From: Jakub Kicinski @ 2026-04-14 0:18 UTC (permalink / raw)
To: Fan Gong
Cc: Zhu Yikai, netdev, David S. Miller, Eric Dumazet, Paolo Abeni,
Simon Horman, Andrew Lunn, Ioana Ciornei, Mohsin Bashir,
linux-kernel, linux-doc, luosifu, Xin Guo, Zhou Shuai, Wu Like,
Shi Jing, Zheng Jiezhen, Maxime Chevallier
In-Reply-To: <157d5cc6e757ffa77eee01dfdc3f2159dc97905f.1775711066.git.zhuyikai1@h-partners.com>
On Sat, 11 Apr 2026 11:36:59 +0800 Fan Gong wrote:
> Implement following ethtool callback function:
> .get_ringparam
> .set_ringparam
>
> These callbacks allow users to utilize ethtool for detailed
> queue depth configuration and monitoring.
> +static int hinic3_check_ringparam_valid(struct net_device *netdev,
> + const struct ethtool_ringparam *ring)
> +{
> + if (ring->rx_jumbo_pending || ring->rx_mini_pending) {
Can driver actually be called with non-zero values if max is not set?
> + netdev_err(netdev, "Unsupported rx_jumbo_pending/rx_mini_pending\n");
> + return -EINVAL;
> + }
> + if (ring->tx_pending > HINIC3_MAX_TX_QUEUE_DEPTH ||
> + ring->tx_pending < HINIC3_MIN_QUEUE_DEPTH ||
> + ring->rx_pending > HINIC3_MAX_RX_QUEUE_DEPTH ||
> + ring->rx_pending < HINIC3_MIN_QUEUE_DEPTH) {
similar question - do you need to check the upper bound?

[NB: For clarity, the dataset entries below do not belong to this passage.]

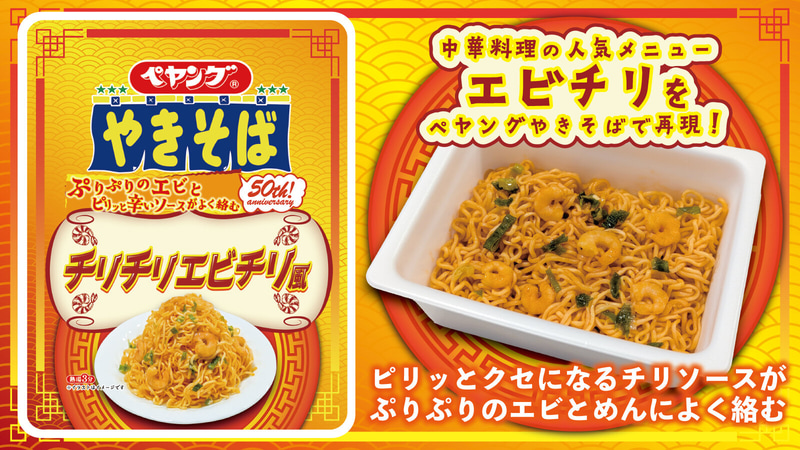 中華料理の人気メニュー「エビチリ」をペヤングやきそばで再現! ぷりぷりの海老とピリッとクセになるチリソースが麺とよく絡む「ペヤング チリチリエビチリ風やきそば」が発売
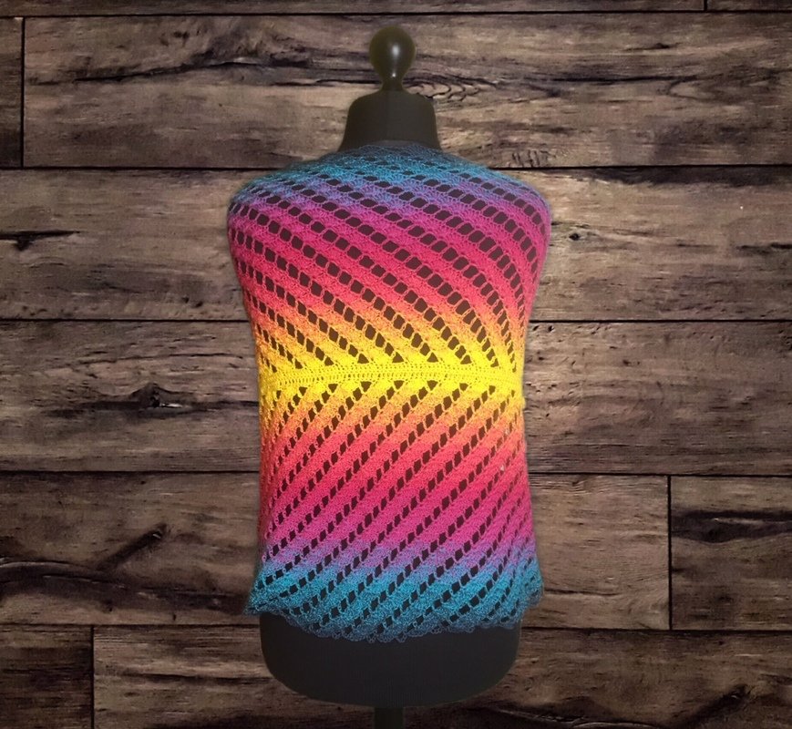 Man kann den Möbius entweder über die Schultern tragen oder um den Hals gewickelt.
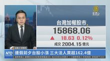 連假前夕台股小漲 三大法人買超162.4億
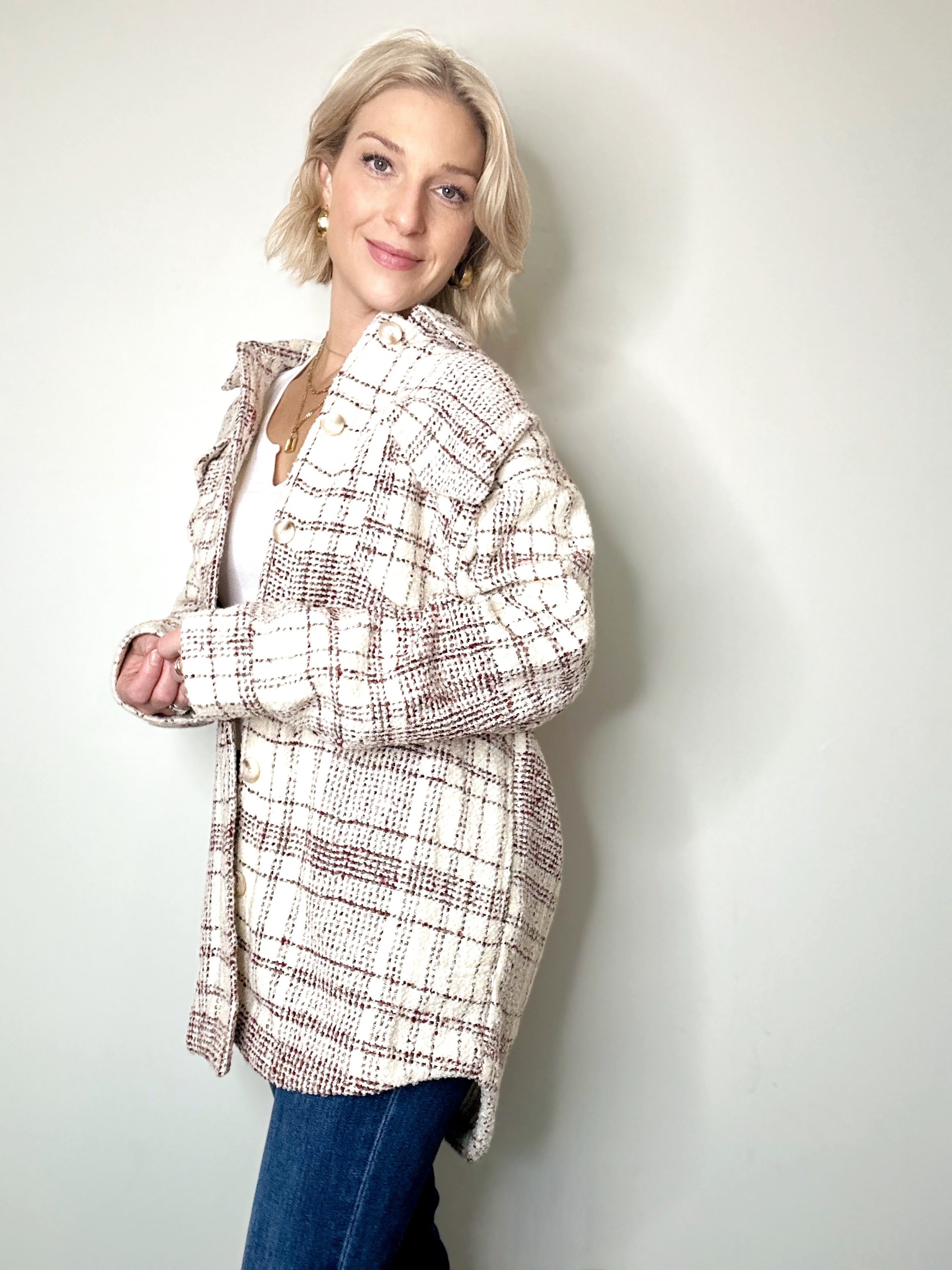Layer this plaid boucle beauty over everything. The Maya shirt jacket features a crisp collar, button-down front, and long sleeves that mean business—but the curved hem and side patch pockets keep things relaxed. Chest pockets add utility, while the longline cut gives you that effortless, oversized vibe. Burgundy and cream plaid on textured knit fabric? That's your new go-to for weekend errands and coffee dates alike.
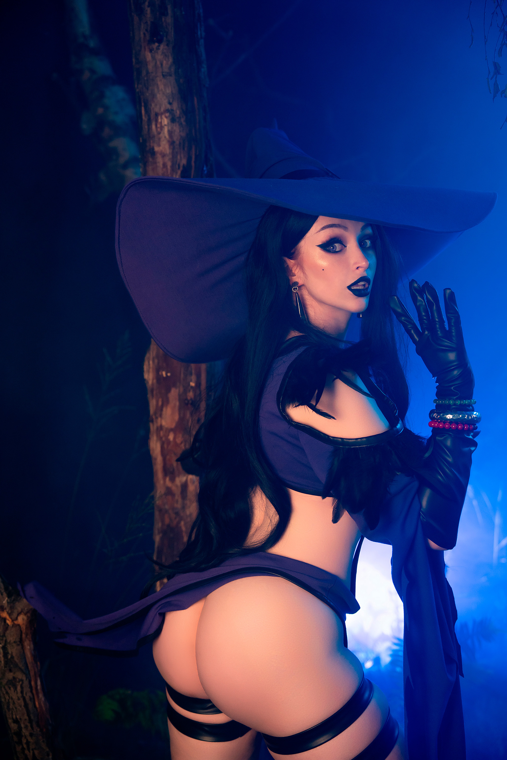 The beautiful Lady Melamori brings the witch character to life in a series of elegant and sensual shots.
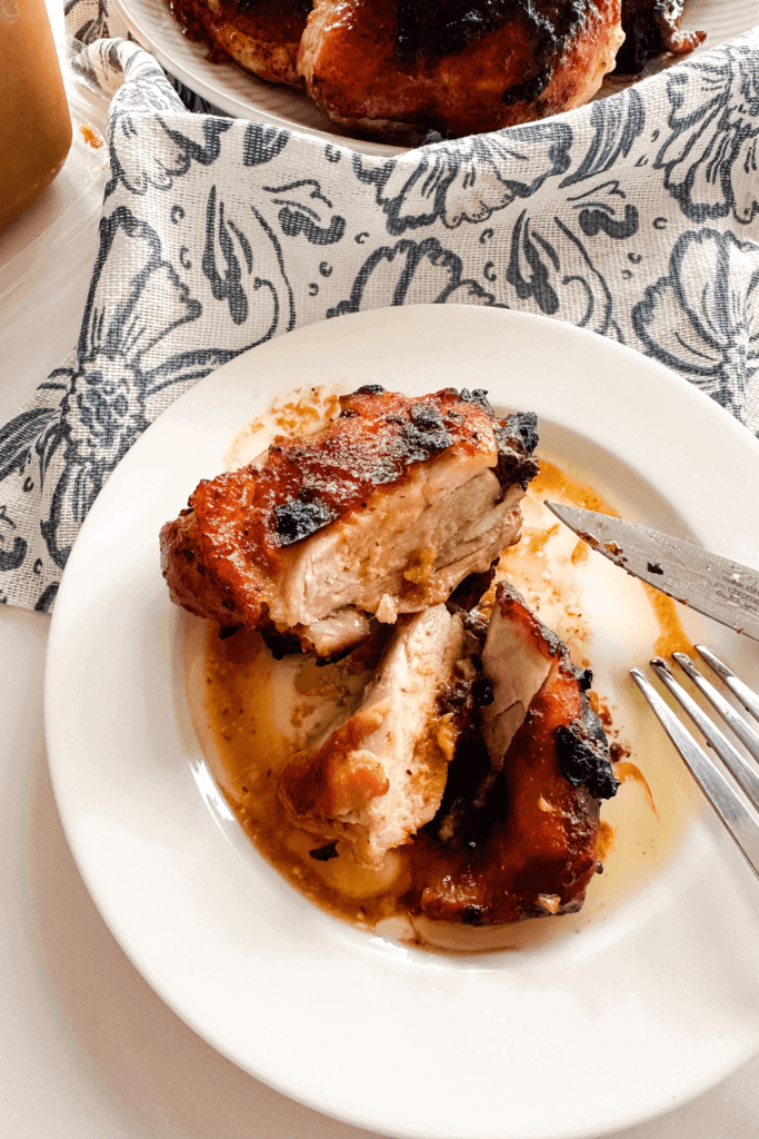 I make my miso butter chicken in my air fryer however, you can also cook these chicken thighs in the oven or even on the stove top! Aside from the air fryer, you’ll need either a cutting board and knife to mince up the garlic or you can just use a garlic press like I do! Then of course some bowls to marinate the chicken in and mix the sauce up.

kernel should check the input against max returned by .get
> + netdev_err(netdev,
please use extack for errors
> + "Queue depth out of range tx[%d-%d] rx[%d-%d]\n",
> + HINIC3_MIN_QUEUE_DEPTH, HINIC3_MAX_TX_QUEUE_DEPTH,
> + HINIC3_MIN_QUEUE_DEPTH, HINIC3_MAX_RX_QUEUE_DEPTH);
> + return -EINVAL;
> + }
> +
> + return 0;
> +}
> +
> +static int hinic3_set_ringparam(struct net_device *netdev,
> + struct ethtool_ringparam *ring,
> + struct kernel_ethtool_ringparam *kernel_ring,
> + struct netlink_ext_ack *extack)
> +{
> + struct hinic3_nic_dev *nic_dev = netdev_priv(netdev);
> + struct hinic3_dyna_txrxq_params q_params = {};
> + u32 new_sq_depth, new_rq_depth;
> + int err;
> +
> + err = hinic3_check_ringparam_valid(netdev, ring);
> + if (err)
> + return err;
> +
> + new_sq_depth = 1U << ilog2(ring->tx_pending);
> + new_rq_depth = 1U << ilog2(ring->rx_pending);
> + if (new_sq_depth == nic_dev->q_params.sq_depth &&
> + new_rq_depth == nic_dev->q_params.rq_depth)
> + return 0;
> +
> + if (new_sq_depth != ring->tx_pending)
> + netdev_info(netdev, "Requested Tx depth trimmed to %d\n",
> + new_sq_depth);
please use extack for warnings
> + if (new_rq_depth != ring->rx_pending)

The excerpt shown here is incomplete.